## Tuesday, September 21, 2010

### Static 1D Range Reporting

Method 4 for implementing van Emde Boas with linear space, described in my last post, is due to [Alstrup, Brodal, Rauhe: STOC'01]. They worked on static range reporting in 1 dimension: preprocess a set of integers S, and answer query(a,b) = report all points in S ∩ [a,b]. This is easier than predecessor search: you can first find the predecessor of a and then output points in order until you exceed b. Using van Emde Boas, we would achieve a linear-space data structure with query time O(lglg u + k), where k is the number of points to be reported.

Alstrup, Brodal, and Rauhe showed the following surprising result:
Static 1D range reporting can be solved with O(n) space and O(1+k) query time.
I like this theorem a lot, since it is so easy to describe to anybody with minimal background in Computer Science, yet the result is not obvious. I have used it many times to answer questions like, "Tell me a surprising recent result from data structures."

The solution. We need a way to find some (arbitrary) key from S ∩ [a,b] in constant time. Once we have that, we can walk left and right in an ordered list until we go outside the interval.

Let's first see how to do this with O(n lg u) space; this was described by [Miltersen, Nisan, Safra, Wigderson: STOC'95]. Of course, we build the trie representing the set. Given the query [a,b] let us look at the lowest common ancestor (LCA) of a and b. Note that LCA(a,b) is a simple mathematical function of the integers a and b, and can be computed in constant time. (The height of the LCA is the most significant set bit in a xor b.)
• if LCA(a,b) is a branching node, look at the two descendant branching nodes. If the interval [a,b] is nonempty, it must contain either the max in the tree of the left child, or the min in the tree of the right child.

• if LCA(a,b) is an active node, go to its lowest branching ancestor, and do something like the the above.

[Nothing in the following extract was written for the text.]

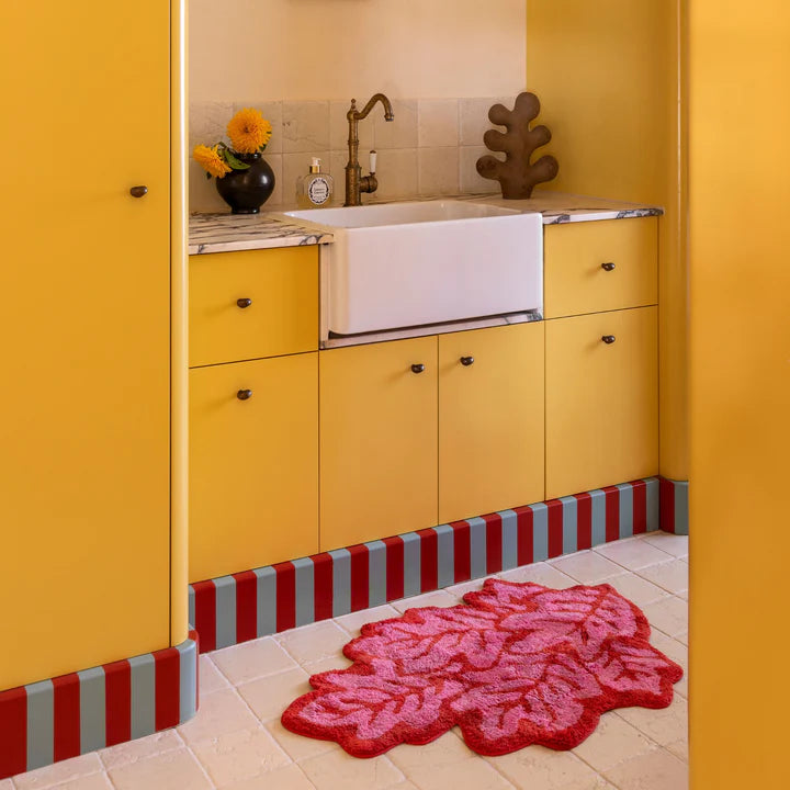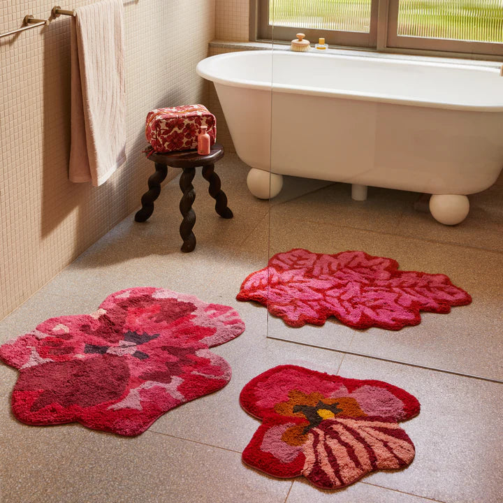 Add some colour to your bathroom floor with our Leaf Pink Bath Mat. In a vibrant, variegated design, this pink leaf bath mat can be styled on its own in smaller spaces or paired with our Candy Pink Long Bath Mat or Flower Pink Bath Mat where space allows. Made from colourful, tufted cotton our bath mats are soft and cosy underfoot, ensuring warm toes all year round.95cm x 60cm

• if LCA(a,b) is not an active node, the interval [a,b] is certainly empty!
Thus, it suffices to find the lowest branching ancestor of LCA(a,b) assuming that LCA(a,b) is active. This is significantly easier than predecessor search, which needs the lowest branching ancestor of an arbitrary node.

The proposal of [Miltersen et al.] is to store all O(n lg u) active nodes in a hash table, with pointers to their lowest branching ancestors.

As in my last post, the technique of [Alstrup et al.] to achieve O(n) space is: store only O(nlg u) active nodes, and store them in a retrieval-only dictionary with O(lglg u) bits per node. We store the following active nodes:
1. active nodes at depth i·√lg u ;
2. active nodes less than √lg u levels below a branching node.
We first look up LCA(a,b) in the dictionary. If the lowest branching ancestor is less than √lg u levels above, LCA(a,b) is in the dictionary and we find the ancestor. If not, we truncate the depth of the LCA to a multiple of √lg u , and look up the ancestor at that depth. If [a,b] is nonempty, that ancestor must be an active node and it will point us to a branching ancestor.